◆ What you will do ◆
The lines to return are those from the line holding "Grange Colliery probably" through the last line of the entries below, both included, written exactly and without pictures.

◆ Given information ◆
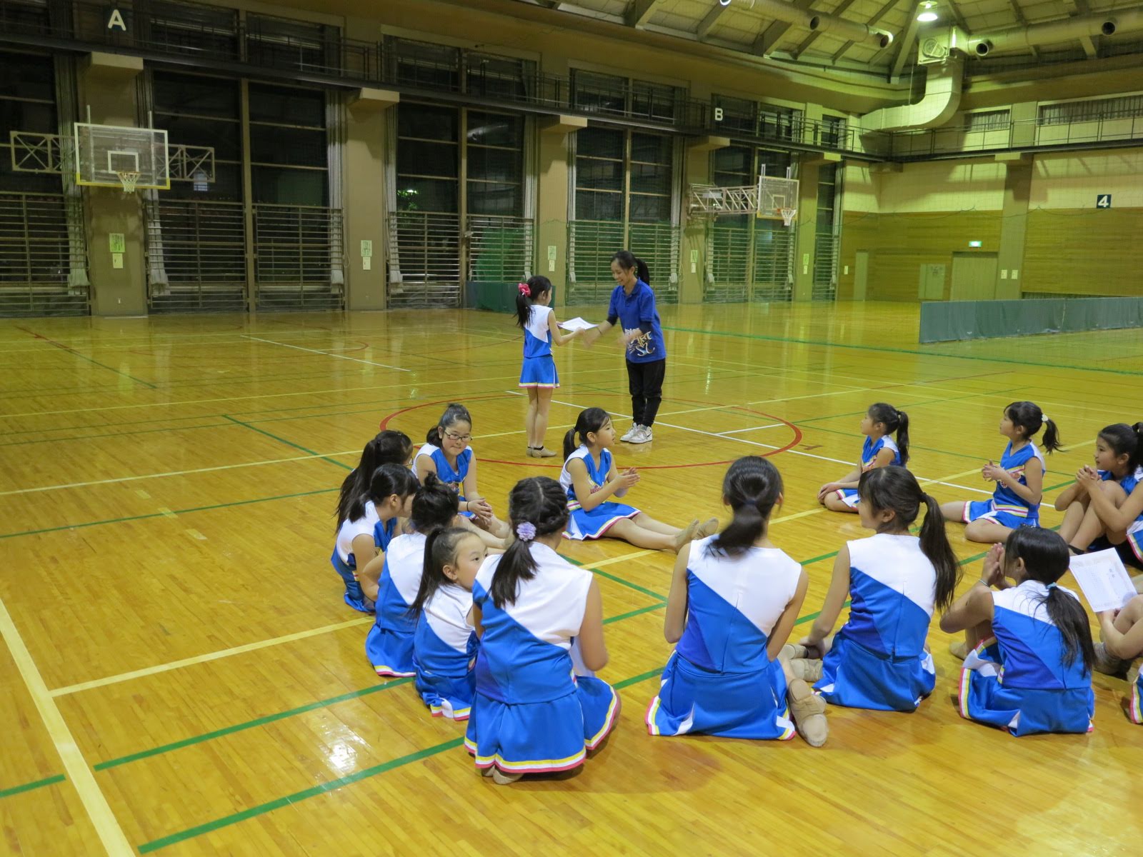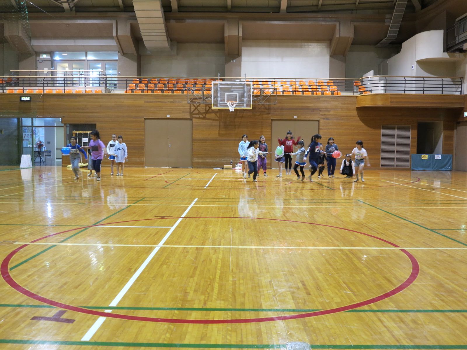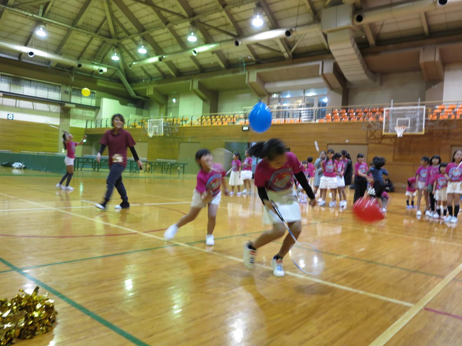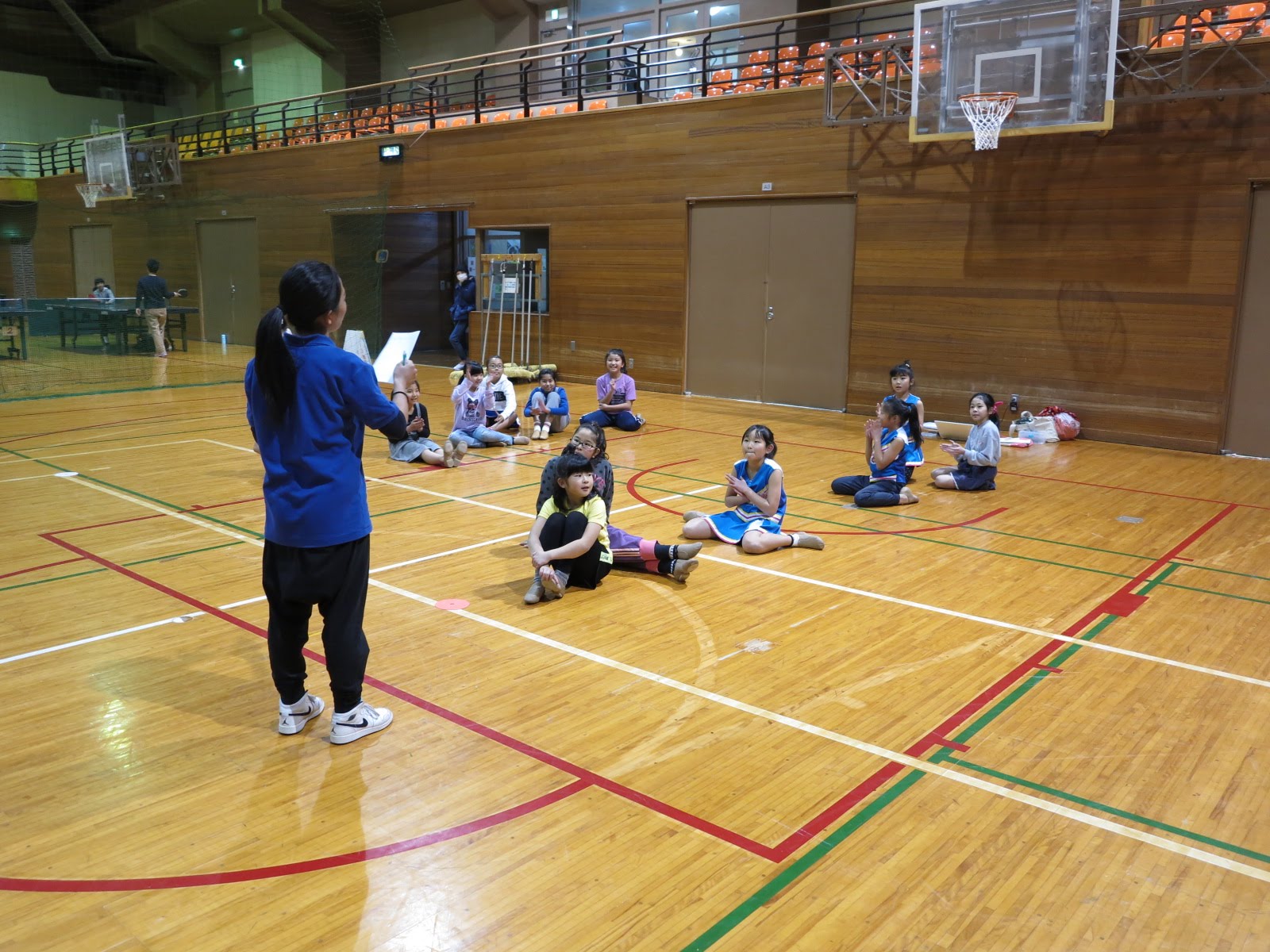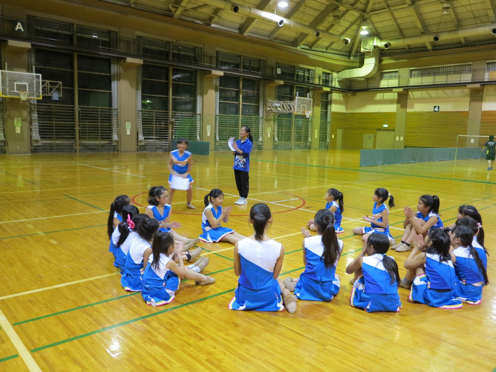 キッズチアダンススクール「candy pop」 。毎回レッスンに使用している体育館でミニ発表会&レクリエーションを行いました。木曜日クラスには小さな助っ人たちが。金曜日クラスは少し大人なパーティーチューンをBGMに。
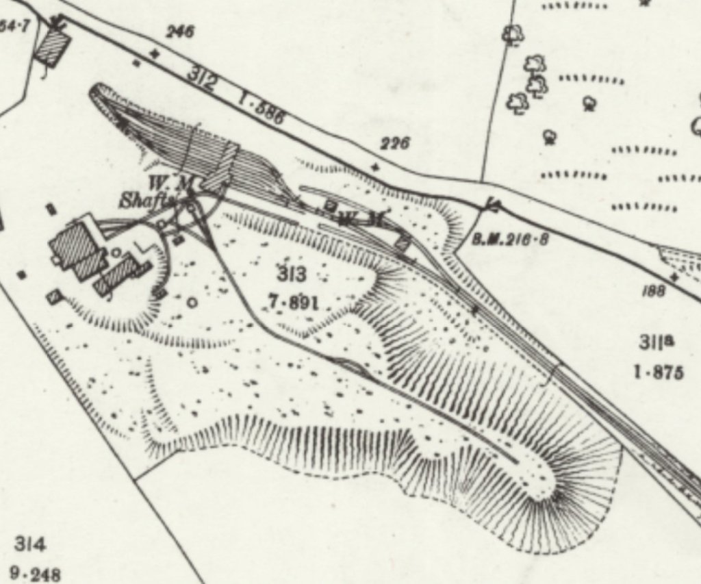 Grange Colliery probably opened by 1833. The extent of seams that could be worked was restricted by the Limestone fault, east of which the coal lay deeper. [21][17] By 1881 all the pits except Grange colliery had been closed. Despite the lease of mineral rights at Grange Colliery to Alfred Seymour Jones of Wrexham in 1893, the colliery was closed in 1894. [21][17]
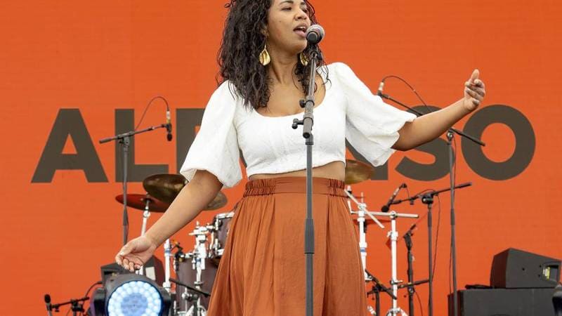 ثم قدمت الفنانة الكوبية، إيمي ألفونسو، أجمل أغنياتها باللغة الاسبانية، وتفاعل الجمهور مع أغنياتها والموسيقى الصاخبة المرافقة لأدائها الاستعراضي على خشبة المسرح. وتماهى أداؤها مع أنغام عازفي الإيقاع والغيتار والبيانو. وأعربت عن سعادتها بالمشاركة في مهرجان نحن النساء، ودعمها لجميع النساء في العالم ليعشن في سلام.
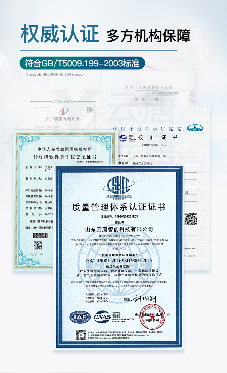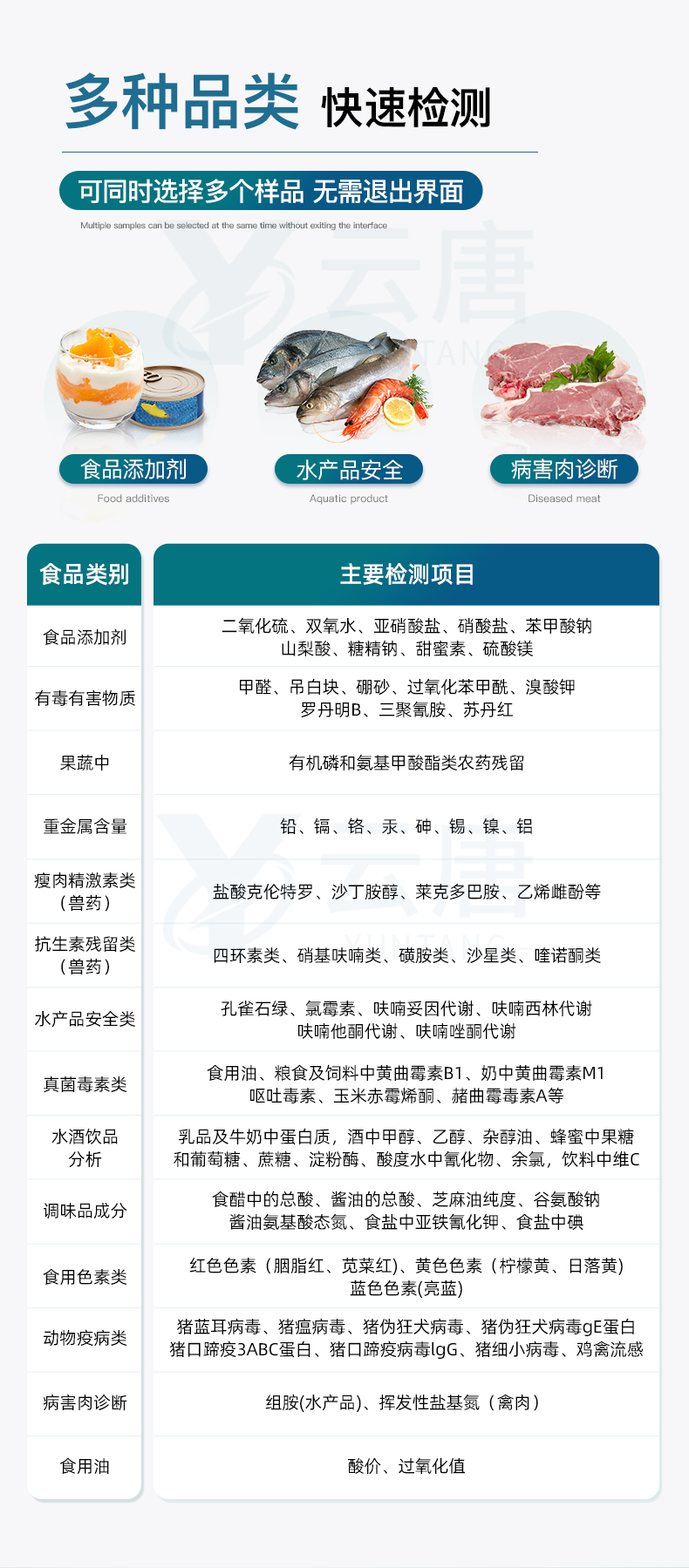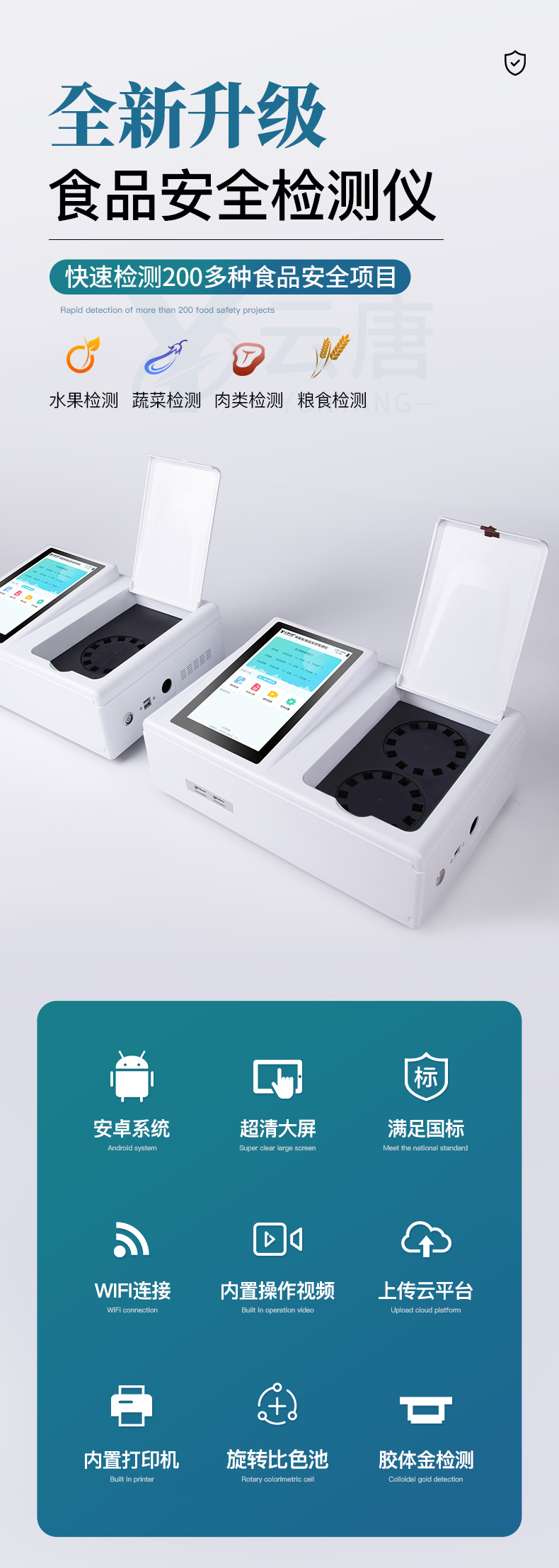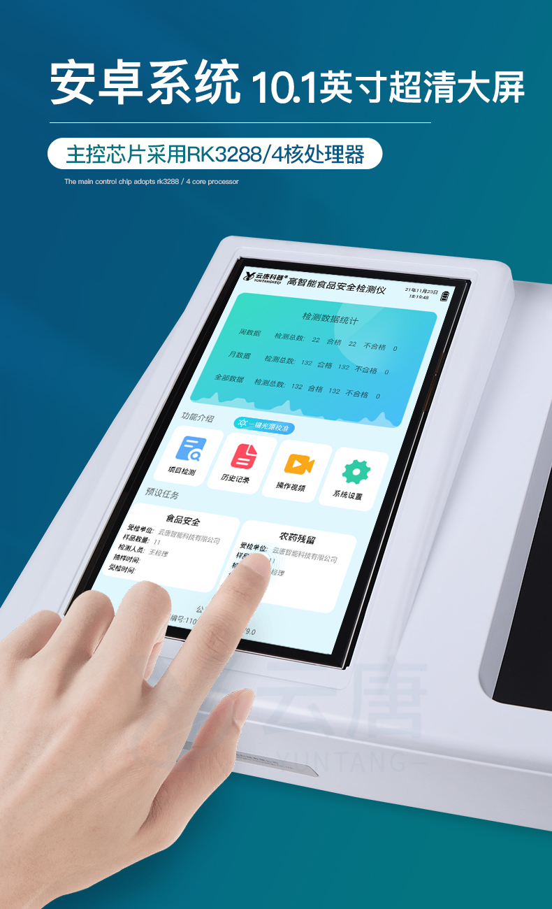 山東云唐智能科技有限公司生產(chǎn)的高智能食品安全檢測儀為集成化食品安全快速檢測分析設(shè)備,采用臺式一體化設(shè)計,可快速檢測200多種食品安全項目,包含非食用化學(xué)物質(zhì)、濫用食品添加劑、農(nóng)藥殘留、獸藥殘留、重金屬、病害肉、營養(yǎng)強化劑、抗生素類殘留、激素類殘留、真菌毒素類殘留、化學(xué)類殘留等項目的定性定量檢測。
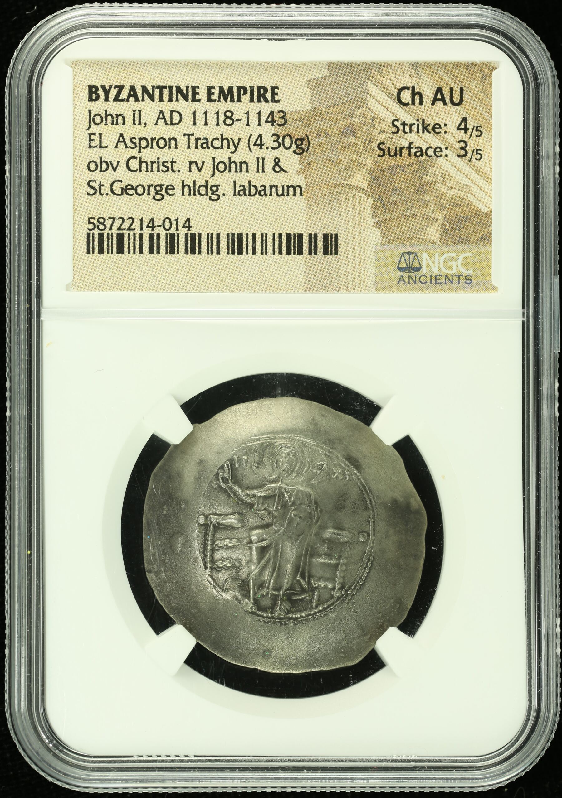 Byzantine John II 1118-1143 AD EL Aspron Trachy NGC Ch AU 0123942
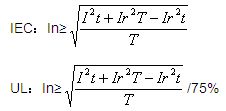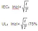 如果保險絲通以一定的電流(Ix)可以永久工作,那麼此時保險絲的聚熱與散熱一定處於平衡狀態,此時保險絲的散熱功率為Ix2T。如果尖峰電流產生的能量≤Ix2T,可以認為尖峰電流產生的能量不可能使保險絲的溫升大於Ix時的溫升。對於滿足不同的安規體係,Ix的數值有所區別,IEC體係下可以認為等於In;UL體係下可以認為等於75%In。
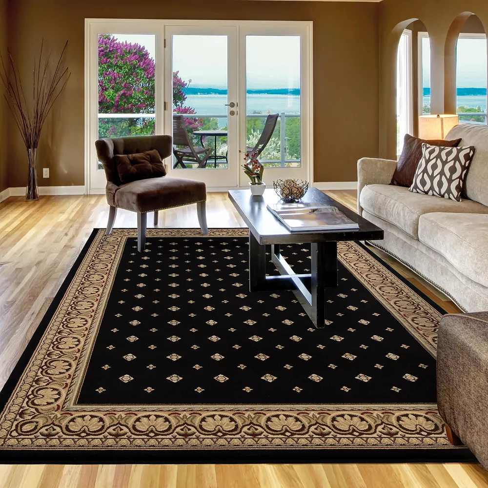 Spruce up your home’s style with this timeless Merinos Pin Dot framed rug.

◆ Output ◆
 Grange Colliery probably opened by 1833. The extent of seams that could be worked was restricted by the Limestone fault, east of which the coal lay deeper. [21][17] By 1881 all the pits except Grange colliery had been closed. Despite the lease of mineral rights at Grange Colliery to Alfred Seymour Jones of Wrexham in 1893, the colliery was closed in 1894. [21][17]
 ثم قدمت الفنانة الكوبية، إيمي ألفونسو، أجمل أغنياتها باللغة الاسبانية، وتفاعل الجمهور مع أغنياتها والموسيقى الصاخبة المرافقة لأدائها الاستعراضي على خشبة المسرح. وتماهى أداؤها مع أنغام عازفي الإيقاع والغيتار والبيانو. وأعربت عن سعادتها بالمشاركة في مهرجان نحن النساء، ودعمها لجميع النساء في العالم ليعشن في سلام.
 山東云唐智能科技有限公司生產(chǎn)的高智能食品安全檢測儀為集成化食品安全快速檢測分析設(shè)備,采用臺式一體化設(shè)計,可快速檢測200多種食品安全項目,包含非食用化學(xué)物質(zhì)、濫用食品添加劑、農(nóng)藥殘留、獸藥殘留、重金屬、病害肉、營養(yǎng)強化劑、抗生素類殘留、激素類殘留、真菌毒素類殘留、化學(xué)類殘留等項目的定性定量檢測。
 Byzantine John II 1118-1143 AD EL Aspron Trachy NGC Ch AU 0123942
 如果保險絲通以一定的電流(Ix)可以永久工作,那麼此時保險絲的聚熱與散熱一定處於平衡狀態,此時保險絲的散熱功率為Ix2T。如果尖峰電流產生的能量≤Ix2T,可以認為尖峰電流產生的能量不可能使保險絲的溫升大於Ix時的溫升。對於滿足不同的安規體係,Ix的數值有所區別,IEC體係下可以認為等於In;UL體係下可以認為等於75%In。
 Spruce up your home’s style with this timeless Merinos Pin Dot framed rug.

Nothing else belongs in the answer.